Over time, however, seeing younger and younger babies being treated and surviving challenged his rationalizations.

Then I saw more babies being born earlier and, you know, with our neonatal intensive care units and all of our modern technology. Back in 1973, we couldn’t do a whole lot other than on an anecdotal basis with babies that were even 28 weeks. But as technology increased, suddenly they were having luck with babies that were 28 weeks old, and then 27 weeks, and then 26 weeks. So I began to drop my smokescreen and I said, well, abortion then is after 27 weeks. Well, no, it’s after 26 weeks. Well, maybe it’s 24 weeks. Then I got to thinking maybe it’s 20 weeks. All I was doing was avoiding the problem.

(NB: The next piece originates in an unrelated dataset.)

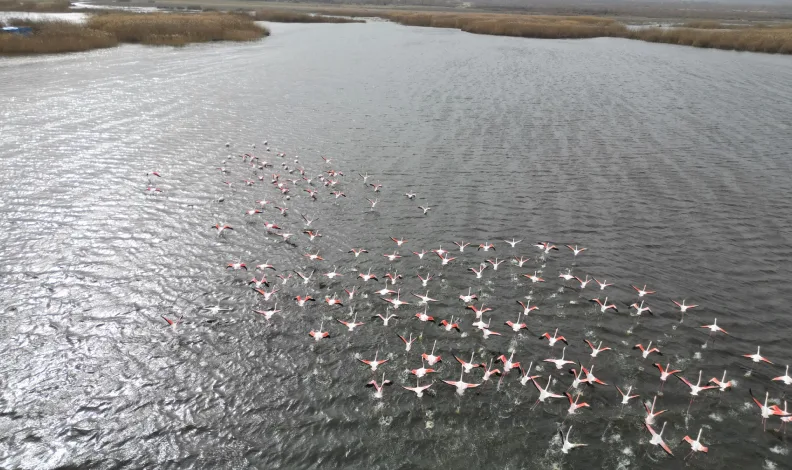 Flamingoların pembe renkleri, özellikle gölün yakınından geçen vatandaşların dikkatini çekti. Bu nadir görülen manzara, bölgedeki doğal yaşamın zenginliğini bir kez daha gözler önüne sererken, gölde su seviyesinin de arttığı gözlemlendi.
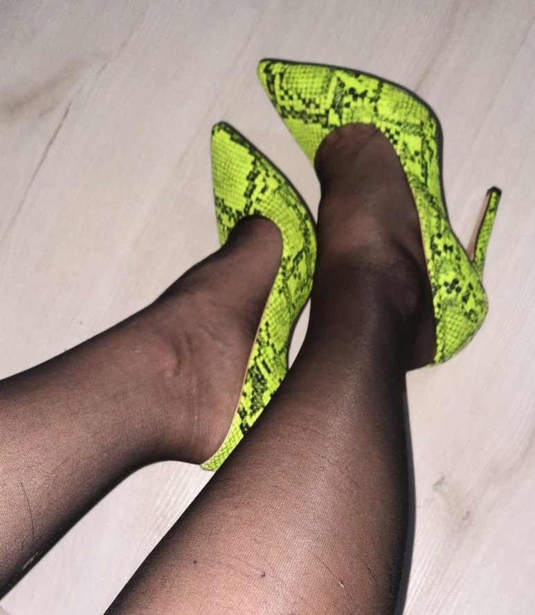 Sarı yılan desenli, dantel detaylı ve sentetik kumaştan yapılmış stiletto topuklu ayakkabı. Romantik gece için şık ve çağdaş bir seçenek.

The next smokescreen was, well, it’s really a baby when it’s all formed, so after 12 weeks it’s a baby so the first trimester abortions aren’t really abortions, and I can handle that. So I lived like that for a while.

I have big feet; I wear a size 14 shoe. All these different shoes I was trying on seemed big enough in the beginning, you know, but they were getting small real fast and they weren’t fitting. The next thing I knew I kept dropping my smokescreen back to where life occurred earlier and earlier.

Ending abortion practice

Dr. Brewer continued performing first-trimester abortions, later working in a military hospital. Then he met a young woman who introduced him to Christianity. This awakened his conscience further, and all of the negative experiences he had had began to coalesce into a growing realization that all abortion, regardless of when a pregnancy into place, was morally wrong. His career as an abortionist ended when a woman came in for an abortion and he found himself unable to perform the operation. He sent her home and never performed an abortion again.